Between the Motions//

Between the Motions: Proposed climate emergency fund, persisting anti-Proctorio sentiment at October 14 meeting

After the Vancouver-Point Grey candidates debate, AMS councillors met over Zoom to discuss the climate emergency, Proctorio and a new housing service.

Here’s what you missed.

$1.5-million climate action fund proposed

Students and alumni at the meeting advocated creating a Climate Emergency Response Fund, to come out of the $6.8-million tuition surplus that the Board of Governors allocated to the AMS and GSS earlier in the term.

Climate Justice UBC member Michelle Marcus and others involved requested $1.5 million of the surplus for a “student-oriented climate action, racial justice and COVID-recovery initiatives.”

The presentation said that this fund would allow for the advancement of the “AMS Sustainability Action Plan and dozens of other student priorities.”

Key actions of interest include funding BIPOC students to shape climate policies, funding the UBC Climate Hub, including climate emergency awareness building in student orientations and funding a UBC Activist Lab.

The fund will begin receiving applications in December 2020 and January 2021, with funds to be disbursed in March 2021.

Marcus said that President Santa Ono had expressed interest in the project.
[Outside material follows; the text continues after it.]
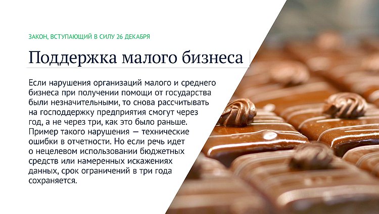 Если нарушения организаций малого и среднего бизнеса при получении помощи от государства были незначительными, то снова рассчитывать на господдержку предприятия смогут через год, а не через три, как это было раньше. Пример такого нарушения — технические ошибки в отчетности. Но если речь идет о нецелевом использовании бюджетных средств или намеренных искажениях данных, срок ограничений в три года сохраняется.

AMS President Cole Evans added that the society is working to get the university to match funds going to the climate emergency response fund.

“There’s a really broad scope of what it can impact, not just climate related but again racial justice, social justice and more,” Evans said.

Further calls for UBC to ditch Proctorio

Since the AMS released principles advising against the use of Proctorio — a controversial exam proctoring service that many UBC professors have opted for during COVID-19 — UBC still hasn’t changed its relationship with Proctorio.

AMS VP Academic and University Affairs Georgia Yee presented calls to action against the use of Proctorio, outlining several reasons she said UBC should discontinue using the service. Yee’s reasons included demonstrating compassion for students, staff and faculty; “unethical behavior” by Proctorio; equity concerns and technology concerns.

Yee said that Proctorio conflicts with academic freedom as a UBC value.

“I’d ask why we protect the ‘academic freedom’ of alt-right speakers on campus inciting hatred towards minorities but we do not act to protect the academic freedom of valued community members such as Ian Linkletter,” she wrote in the presentation.

The contract with Proctorio will be coming to an end in term two, and the AMS will work to prevent the renewal of that contract, Yee said.

Yee outlined four goals to continue the AMS’s fight against Proctorio.

These include ending the UBC–Proctorio relationship and stopping instructors from compelling students to use online proctoring. Other goals are for UBC to offer low-barrier alternatives to remote proctoring software and support student and staff academic freedom.